There has been a big emphasis recently on “paying it forward”.
I love the underlying message and continually try to acknowledge others by
doing good deeds. As I agonize over parenting
an offspring through the teen years…sigh…I was venting (begging for
suggestions) to a friend “ALL I DO IS COMPLAIN”..I feel like I am constantly giving
directional cues to my kids..”Do this, Do that”. And, when I get a long-winded story about a
friend crisis (at middle school)..I am known to say “speed it up!..you are
dragging this out”.
My dear friend made a good point, make your connections
(verbally)…90% positive and 10% “other”. This struck a nerve, I had it all
backwards. I thought my constant bitching was constructive (not!). He reminded
me these are precious years and we WANT our kids to talk to us – we don’t need
to complain about everything – pick YOUR battles. Wow. Simple. Yet, it spoke to
me at the right time. The light bulb went on!

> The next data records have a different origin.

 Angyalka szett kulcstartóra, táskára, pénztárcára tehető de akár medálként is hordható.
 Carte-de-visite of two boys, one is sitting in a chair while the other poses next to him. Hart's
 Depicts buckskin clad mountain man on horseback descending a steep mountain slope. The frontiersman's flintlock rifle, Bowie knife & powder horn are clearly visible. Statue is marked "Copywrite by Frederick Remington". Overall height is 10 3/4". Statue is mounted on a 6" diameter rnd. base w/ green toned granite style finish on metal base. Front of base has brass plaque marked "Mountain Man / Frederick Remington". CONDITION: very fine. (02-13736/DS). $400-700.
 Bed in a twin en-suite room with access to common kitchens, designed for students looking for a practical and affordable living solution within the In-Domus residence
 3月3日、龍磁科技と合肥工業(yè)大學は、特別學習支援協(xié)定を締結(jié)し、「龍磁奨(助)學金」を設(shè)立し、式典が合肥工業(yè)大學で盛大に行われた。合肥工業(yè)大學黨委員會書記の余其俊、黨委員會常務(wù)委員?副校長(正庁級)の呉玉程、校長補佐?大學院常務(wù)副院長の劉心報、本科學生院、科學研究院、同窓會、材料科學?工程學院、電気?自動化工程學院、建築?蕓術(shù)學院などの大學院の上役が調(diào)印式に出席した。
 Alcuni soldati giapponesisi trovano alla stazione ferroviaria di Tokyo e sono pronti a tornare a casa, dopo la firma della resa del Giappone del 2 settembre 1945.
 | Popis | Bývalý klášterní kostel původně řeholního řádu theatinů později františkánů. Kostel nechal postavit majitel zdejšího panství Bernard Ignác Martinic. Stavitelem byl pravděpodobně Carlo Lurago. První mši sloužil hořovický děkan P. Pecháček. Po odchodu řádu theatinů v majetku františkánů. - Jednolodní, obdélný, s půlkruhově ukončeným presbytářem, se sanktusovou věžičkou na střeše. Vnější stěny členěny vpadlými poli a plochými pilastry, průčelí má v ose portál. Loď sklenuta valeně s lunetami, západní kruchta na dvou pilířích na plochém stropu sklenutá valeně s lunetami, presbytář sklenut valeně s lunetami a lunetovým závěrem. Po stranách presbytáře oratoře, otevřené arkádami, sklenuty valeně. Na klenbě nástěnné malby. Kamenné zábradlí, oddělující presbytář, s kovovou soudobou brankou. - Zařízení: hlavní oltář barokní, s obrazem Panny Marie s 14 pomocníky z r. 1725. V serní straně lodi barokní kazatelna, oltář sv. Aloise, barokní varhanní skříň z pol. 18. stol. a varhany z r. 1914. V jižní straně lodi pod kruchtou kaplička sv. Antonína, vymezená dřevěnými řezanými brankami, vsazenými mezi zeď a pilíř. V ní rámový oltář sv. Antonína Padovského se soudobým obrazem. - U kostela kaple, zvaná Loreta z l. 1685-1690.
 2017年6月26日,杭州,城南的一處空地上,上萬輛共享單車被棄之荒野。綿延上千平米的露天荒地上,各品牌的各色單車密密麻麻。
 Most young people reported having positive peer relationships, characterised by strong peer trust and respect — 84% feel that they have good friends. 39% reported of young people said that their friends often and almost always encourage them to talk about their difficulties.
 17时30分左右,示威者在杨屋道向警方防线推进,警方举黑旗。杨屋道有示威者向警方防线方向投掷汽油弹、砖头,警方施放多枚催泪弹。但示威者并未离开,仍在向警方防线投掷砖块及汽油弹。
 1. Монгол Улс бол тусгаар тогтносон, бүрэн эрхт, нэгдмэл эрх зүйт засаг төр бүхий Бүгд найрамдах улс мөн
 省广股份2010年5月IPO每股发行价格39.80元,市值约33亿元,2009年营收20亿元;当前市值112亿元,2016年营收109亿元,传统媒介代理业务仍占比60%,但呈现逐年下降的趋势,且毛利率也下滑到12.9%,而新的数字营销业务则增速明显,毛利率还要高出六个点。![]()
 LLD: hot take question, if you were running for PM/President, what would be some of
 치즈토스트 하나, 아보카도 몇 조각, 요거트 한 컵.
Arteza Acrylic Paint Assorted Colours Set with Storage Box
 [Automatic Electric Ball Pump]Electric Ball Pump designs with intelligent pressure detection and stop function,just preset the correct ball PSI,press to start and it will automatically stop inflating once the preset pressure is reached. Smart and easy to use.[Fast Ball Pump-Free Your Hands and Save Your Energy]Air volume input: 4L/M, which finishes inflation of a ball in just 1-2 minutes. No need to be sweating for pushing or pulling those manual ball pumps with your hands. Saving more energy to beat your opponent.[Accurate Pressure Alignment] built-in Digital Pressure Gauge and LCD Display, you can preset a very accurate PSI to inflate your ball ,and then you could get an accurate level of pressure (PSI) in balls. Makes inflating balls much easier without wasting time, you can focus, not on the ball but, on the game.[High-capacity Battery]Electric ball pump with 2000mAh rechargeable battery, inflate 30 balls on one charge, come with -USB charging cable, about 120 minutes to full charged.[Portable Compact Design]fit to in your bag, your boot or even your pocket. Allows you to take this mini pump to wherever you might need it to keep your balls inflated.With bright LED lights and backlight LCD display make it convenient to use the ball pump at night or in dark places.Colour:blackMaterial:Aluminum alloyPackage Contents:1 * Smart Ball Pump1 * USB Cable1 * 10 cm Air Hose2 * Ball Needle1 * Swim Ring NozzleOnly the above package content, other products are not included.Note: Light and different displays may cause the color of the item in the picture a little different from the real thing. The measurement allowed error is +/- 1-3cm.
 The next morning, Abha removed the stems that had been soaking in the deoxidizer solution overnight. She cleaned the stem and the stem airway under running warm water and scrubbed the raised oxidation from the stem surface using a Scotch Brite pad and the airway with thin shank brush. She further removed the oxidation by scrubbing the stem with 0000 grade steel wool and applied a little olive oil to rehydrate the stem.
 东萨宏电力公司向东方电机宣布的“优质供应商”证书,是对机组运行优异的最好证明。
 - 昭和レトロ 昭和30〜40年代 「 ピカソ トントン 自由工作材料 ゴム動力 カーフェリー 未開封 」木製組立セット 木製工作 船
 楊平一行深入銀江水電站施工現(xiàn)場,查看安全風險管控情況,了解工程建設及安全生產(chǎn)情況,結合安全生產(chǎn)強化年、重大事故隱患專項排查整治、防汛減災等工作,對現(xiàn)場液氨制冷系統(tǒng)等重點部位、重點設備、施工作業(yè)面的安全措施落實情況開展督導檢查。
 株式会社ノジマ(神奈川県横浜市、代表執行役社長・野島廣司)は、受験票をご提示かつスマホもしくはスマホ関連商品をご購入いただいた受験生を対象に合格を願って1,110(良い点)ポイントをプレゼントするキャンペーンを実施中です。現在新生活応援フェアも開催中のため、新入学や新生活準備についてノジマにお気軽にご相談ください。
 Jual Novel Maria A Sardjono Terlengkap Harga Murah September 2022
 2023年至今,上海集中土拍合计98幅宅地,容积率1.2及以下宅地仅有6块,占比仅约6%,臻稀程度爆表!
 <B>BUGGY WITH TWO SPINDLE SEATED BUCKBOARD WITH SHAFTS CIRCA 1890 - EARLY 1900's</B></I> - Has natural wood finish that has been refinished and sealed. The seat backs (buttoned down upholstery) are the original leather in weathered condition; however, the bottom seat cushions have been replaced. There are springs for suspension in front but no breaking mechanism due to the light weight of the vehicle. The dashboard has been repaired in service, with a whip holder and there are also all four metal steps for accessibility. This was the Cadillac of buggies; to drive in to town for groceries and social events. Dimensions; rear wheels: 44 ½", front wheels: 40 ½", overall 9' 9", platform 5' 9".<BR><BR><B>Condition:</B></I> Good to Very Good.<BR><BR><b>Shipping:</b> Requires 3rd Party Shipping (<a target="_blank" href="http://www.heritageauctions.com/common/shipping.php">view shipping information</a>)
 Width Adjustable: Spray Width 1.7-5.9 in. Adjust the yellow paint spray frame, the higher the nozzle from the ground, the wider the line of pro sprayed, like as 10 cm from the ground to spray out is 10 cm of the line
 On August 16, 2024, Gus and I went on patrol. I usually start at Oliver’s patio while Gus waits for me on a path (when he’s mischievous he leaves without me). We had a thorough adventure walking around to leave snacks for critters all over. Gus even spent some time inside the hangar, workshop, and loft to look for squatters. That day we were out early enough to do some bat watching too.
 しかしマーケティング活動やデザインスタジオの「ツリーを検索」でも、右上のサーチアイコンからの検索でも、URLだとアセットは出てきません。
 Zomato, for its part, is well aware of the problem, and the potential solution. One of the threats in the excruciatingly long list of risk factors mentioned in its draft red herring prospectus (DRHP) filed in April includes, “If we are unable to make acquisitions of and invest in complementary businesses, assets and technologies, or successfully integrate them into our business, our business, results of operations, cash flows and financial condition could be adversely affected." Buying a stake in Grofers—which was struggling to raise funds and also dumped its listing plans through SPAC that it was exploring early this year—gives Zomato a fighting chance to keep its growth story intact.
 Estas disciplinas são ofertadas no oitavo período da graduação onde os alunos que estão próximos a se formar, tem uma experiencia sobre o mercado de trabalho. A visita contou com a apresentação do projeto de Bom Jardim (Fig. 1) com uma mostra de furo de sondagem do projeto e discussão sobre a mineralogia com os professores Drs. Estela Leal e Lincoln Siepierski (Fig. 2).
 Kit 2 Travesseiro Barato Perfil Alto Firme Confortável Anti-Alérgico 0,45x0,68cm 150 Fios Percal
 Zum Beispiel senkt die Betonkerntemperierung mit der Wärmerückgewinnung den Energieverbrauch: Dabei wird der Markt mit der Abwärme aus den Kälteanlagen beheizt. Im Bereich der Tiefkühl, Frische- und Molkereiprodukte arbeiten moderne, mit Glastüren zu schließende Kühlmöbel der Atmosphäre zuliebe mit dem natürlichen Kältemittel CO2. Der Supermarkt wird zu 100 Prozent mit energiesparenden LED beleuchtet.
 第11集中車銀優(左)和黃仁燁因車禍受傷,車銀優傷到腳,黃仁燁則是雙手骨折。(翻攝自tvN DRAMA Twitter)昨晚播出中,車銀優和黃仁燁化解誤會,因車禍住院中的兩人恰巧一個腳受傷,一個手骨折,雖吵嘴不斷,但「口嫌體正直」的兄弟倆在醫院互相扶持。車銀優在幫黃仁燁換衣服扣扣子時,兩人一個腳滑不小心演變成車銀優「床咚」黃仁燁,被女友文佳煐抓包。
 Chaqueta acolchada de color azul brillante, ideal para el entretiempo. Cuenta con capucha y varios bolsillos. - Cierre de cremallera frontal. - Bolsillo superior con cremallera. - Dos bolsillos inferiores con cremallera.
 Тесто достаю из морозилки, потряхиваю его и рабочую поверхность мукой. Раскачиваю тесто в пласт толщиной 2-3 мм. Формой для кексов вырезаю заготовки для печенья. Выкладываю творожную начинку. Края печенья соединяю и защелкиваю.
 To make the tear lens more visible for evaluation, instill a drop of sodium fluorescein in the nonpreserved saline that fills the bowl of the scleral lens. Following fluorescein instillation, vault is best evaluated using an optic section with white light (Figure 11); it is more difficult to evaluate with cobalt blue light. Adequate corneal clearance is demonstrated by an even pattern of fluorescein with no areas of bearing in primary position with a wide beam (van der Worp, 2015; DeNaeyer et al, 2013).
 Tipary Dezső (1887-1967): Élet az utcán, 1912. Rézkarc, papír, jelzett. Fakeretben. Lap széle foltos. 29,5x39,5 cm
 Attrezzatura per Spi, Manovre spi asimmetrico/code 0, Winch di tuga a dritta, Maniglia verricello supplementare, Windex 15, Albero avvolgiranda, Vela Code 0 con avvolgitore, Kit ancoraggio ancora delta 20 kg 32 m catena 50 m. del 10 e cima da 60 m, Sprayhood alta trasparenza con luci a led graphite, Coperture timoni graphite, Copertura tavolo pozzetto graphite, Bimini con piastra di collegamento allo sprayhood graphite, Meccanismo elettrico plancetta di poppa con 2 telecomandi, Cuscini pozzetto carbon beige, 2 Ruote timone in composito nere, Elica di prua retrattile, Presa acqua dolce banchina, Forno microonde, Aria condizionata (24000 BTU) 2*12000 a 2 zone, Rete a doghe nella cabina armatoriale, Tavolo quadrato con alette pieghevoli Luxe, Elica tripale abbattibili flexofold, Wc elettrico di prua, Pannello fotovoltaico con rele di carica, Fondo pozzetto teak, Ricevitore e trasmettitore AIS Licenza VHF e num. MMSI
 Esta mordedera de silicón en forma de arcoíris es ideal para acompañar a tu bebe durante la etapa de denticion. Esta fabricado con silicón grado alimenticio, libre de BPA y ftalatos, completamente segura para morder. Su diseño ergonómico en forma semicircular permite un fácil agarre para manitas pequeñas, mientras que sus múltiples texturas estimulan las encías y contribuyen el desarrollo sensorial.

I have made a conscious effort to turn this around. At any
given moment I might close the open kitchen window to make sure my neighbor doesn’t
hear me rage about the melted ice cream found under the bed..UGH! Full
Disclosure, I am not perfect
First, I took principals that I put place in my own life and
incorporated them into parenting and social interactions. Several years ago,
during a transformation in my own life, I was reading the benefits of Positive
Thinking, Vision Boards, Law of Attraction, etc. All about positive energy – I am
a big believer. If you don’t know what
this is all about..you should!
You can find more here:
First, I had each family member create a daily mantra, affirmation…Such
as “God is first, I am a patient mother, knowledgeable student and devoted
friend. I will take on the world today, and make myself a priority”
It may sound cheesy, but sometimes you need the internal
push (self-compliment) and reassurance that you can make it another day!
Then, I went back to my positive thinking roots and realized
that it all goes back to one thing – Words, the simple, the spoken. And, I used a sprinkle of The Love and Logic
parenting concept, using “empathy” first with your children (more on this
later). In your everyday conversations
add empathy (validation) and compliments and watch your world turn around. The
best thing, it’s free – yep, no cost for your kind words.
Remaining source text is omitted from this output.